A lot of game mechanics that look simple on the surface are actually tricky to implement. Designers and gameplay programmers know this all too well. Take “jump” in a side-scrolling platformer. Behind it sit decisions like: do we model character actions with a state machine or a state tree? Do we include coyote time? How do we tune takeoff and landing curves to shape the speed profile? Traditionally, gameplay programmers spent a lot of time talking with designers, surfacing the unwritten requirements and turning them into code. By default, an AI is more inclined to satisfy the surface request as quickly as possible. If you describe a feature in one short sentence, the AI can’t see the project’s design goals or its long-term direction, and the result is likely to drift. For complex requirements, ask the AI not to touch any files yet—have it produce an implementation plan first. Talk through requirements, edge cases, and key design decisions, and only then move into the actual coding phase. The AI doesn’t truly understand game feel, but it knows a lot of the typical patterns from existing games. For things with mature recipes, you can also ask it directly “how can I improve the feel?”. A developer who hasn’t shipped a platformer might never think of coyote time on their own; the AI usually will. The flip side: in the past, designers had to sell features hard to programmers because development was expensive. Implementation and iteration are dramatically cheaper now, so designers can validate ideas quickly at low cost. They no longer need to polish a complete pitch and convince programmers to spend resources before trying something out—prototyping and gameplay iteration can start much sooner. The Locus feature that summarizes design docs from chat was built around this idea.

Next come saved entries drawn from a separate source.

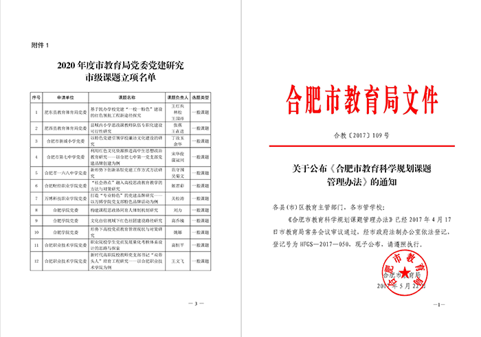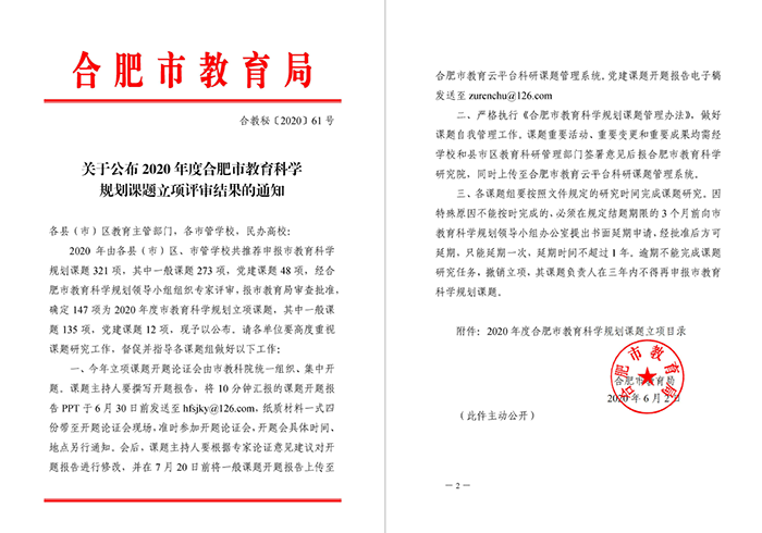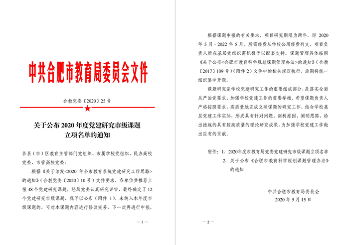 从2020年3月初🐼,彩神Vll党委工作部根据《关于印发<2020年全市教育系统党建研究工作思路>的通知》(合教党委〔2020〕10号)文件精神👨🏽🚒,积极动员学校8个党支部做好对党建研究课题的申报工作。课题研究是学校党建研究工作的重要组成部分,是落实全面从严治党要求,加强学校党建工作的重要举措。
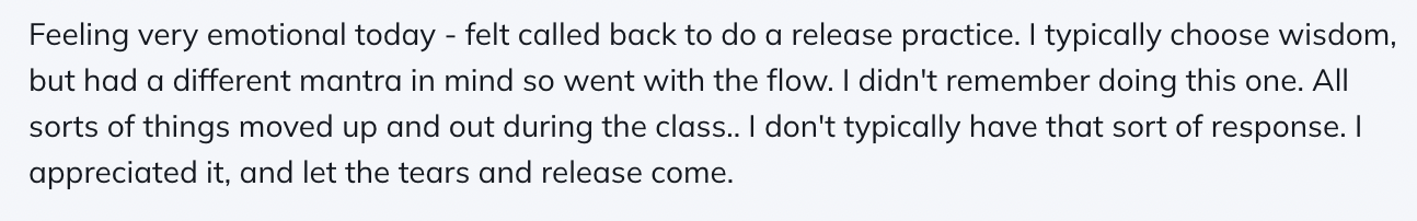 The consistent practices have helped me to open an honest, exquisite and loving dialogue with my body, my heart and soul, and the Divine/Source/Spirit.
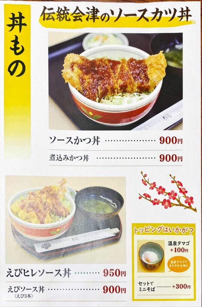 メニューに「会津のソースカツ丼」とあったのでそのまま使用しましたが、何が「会津」なのかは不明です。ただ、修学旅行などでも使われる店なので、ご当地名物としての紹介なのかもしれません。
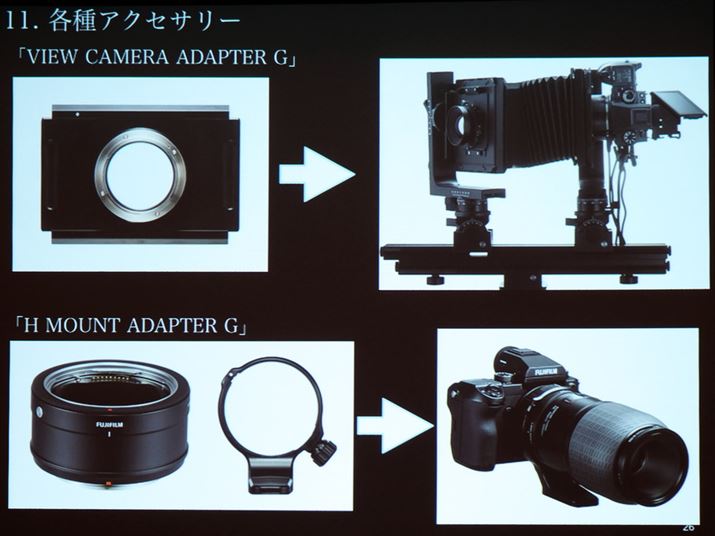 GX645AF用の交換レンズを装着できるH MOUNT ADAPTER G、GFX 50S を4×5ビューカメラのデジタルバックとして使用できるVIEW CAMERA ADAPTER Gも用意
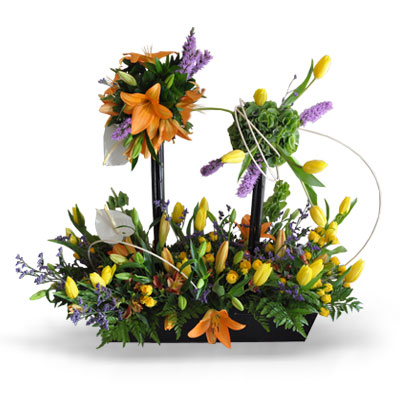 Alto diseño en Tulipanes acompañado de Lilis, Gerberas y Anturios.
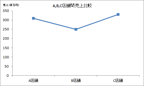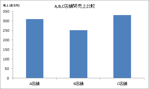 A店舗に比べ、Bは売上が低く、Cは売上が高いことが分かります。
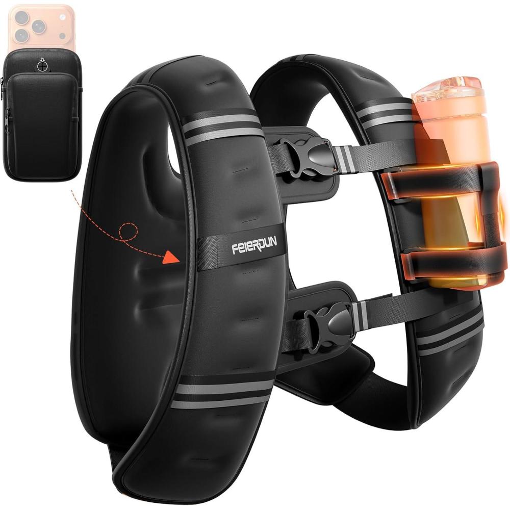 FEIERDUN 3-IN-1 Weighted Vest Kit with Phone Holder & Water Pocket, 8lb/12lb/20lb Chest-friendly Vest for Running, Walking, Workout, Fitness, Cardio, Training & Strength Building(Black-20lb-Fitness Beast)
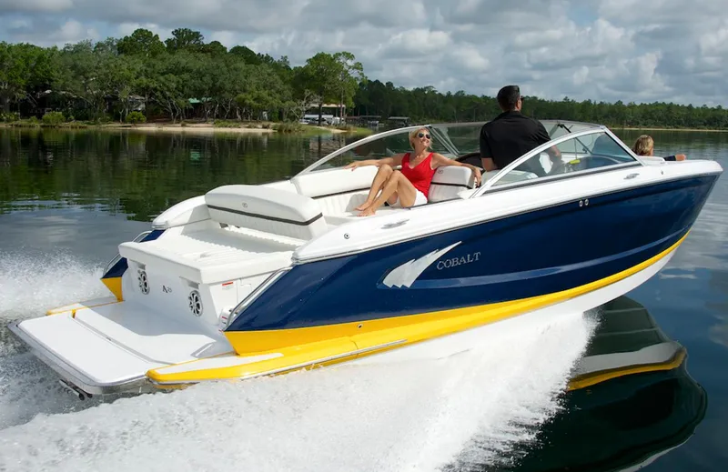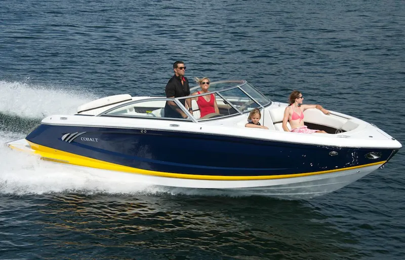 The A25's hull required a five-piece mold to make, a no-shortcuts exercise in hand craftsmanship leading to lines at once inverse, elegant, and unprecedented. The A25 represents genuine innovation, deep-down improvements far beyond a glamorous first impression. The A25's design creates the running surface of a much larger boat, with consequent reduced bowrise at acceleration, more stability in turns, and even more comfort at cruise for all aboard. Knowledgeable boaters will recognize the new features specific to more enjoyable days on the water, from the available deployable swim platform and transom speakers to the digital instrumentation at the helm, from easier access at the stern to all new, from easier access at the stern to all-new fender storage forward. Know the guiding hand of Cobalt imagination. On a maiden voyage. In years of reliable, worry-free fun.
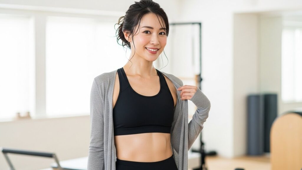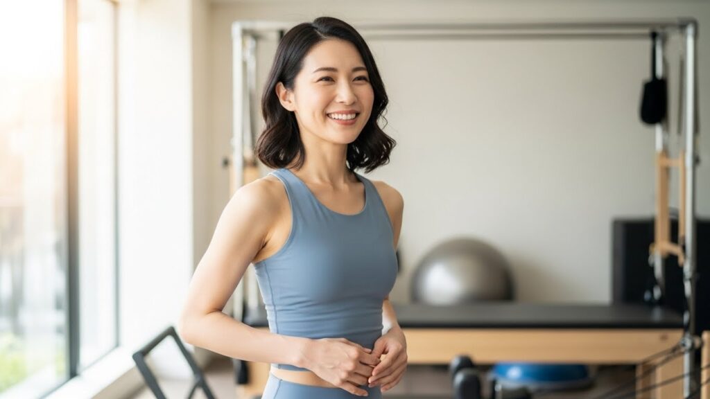 姿勢が整うと、上半身が自然に縦へ引き上がり、首元やデコルテがすっきり見えます。 同時に肋骨が過度に開かなくなり、ウエストラインが浮き出やすくなります。 さらに重心が安定することで、下腹が前に押し出されにくくなり、 体重が同じでも「薄く」「引き締まって」見える状態が生まれます。 これは脂肪が急に減ったからではなく、体の使い方が整った結果です。
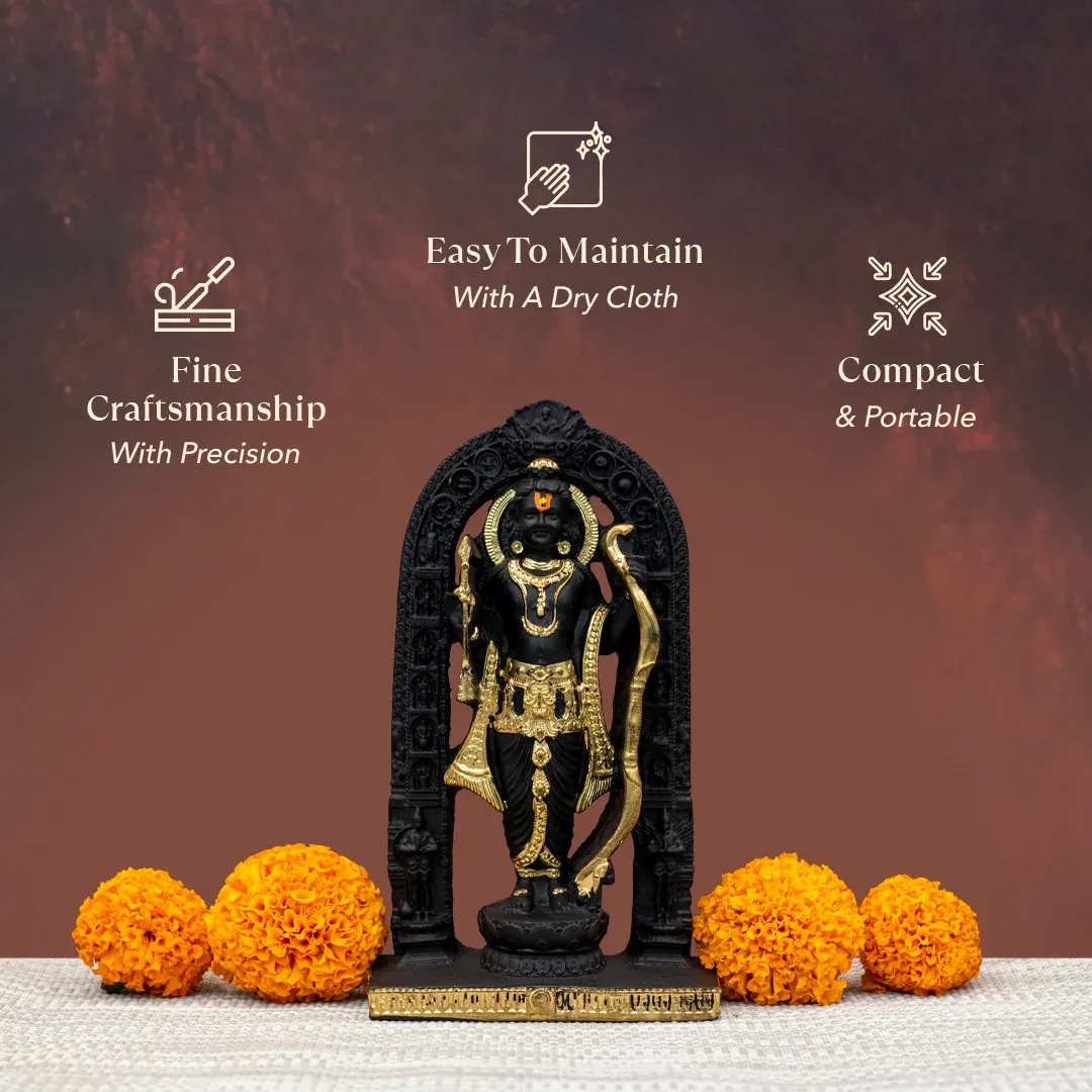 Bring home the sacred presence of Shree Ram Lalla Murti and infuse your space with divine strength, serenity, and righteousness. Inspired by the revered Shree Ram Lalla Murti of Ayodhya, this intricately crafted idol depicts Lord Ram in a majestic standing posture with bow and arrow, embodying courage, discipline, and dharma.

Maintain the Knowledge Base Regularly

We gave Locus the ability to maintain its knowledge base automatically because we want it to keep building a deeper understanding of your project as it talks with you and works on the code. Within that, the Design section deserves special attention. It’s the AI’s summary of your requirements, and it’ll treat that content as ground truth in later tasks. Keeping it accurate is on you. Memory holds experiential notes the AI built from the project and its surrounding context. Review it periodically, and edit or delete entries when they’re off. We’ll ship a dedicated Skill later that helps the AI maintain the knowledge base more systematically.

Run Independent Tasks in Independent Contexts (New Sessions)

The progress bar in the bottom-right corner shows how much of the current session’s context has been consumed. Today’s language models can handle long text, but their effective context is still bounded. Once you cross a certain threshold, model quality drops noticeably. Claude 1M and GPT-5.4 both degrade more visibly past roughly 400k tokens. On top of that, longer contexts mean higher cache-read overhead and a higher per-tool-call cost. For better quality and lower cost, split tasks where you can and run them in separate contexts.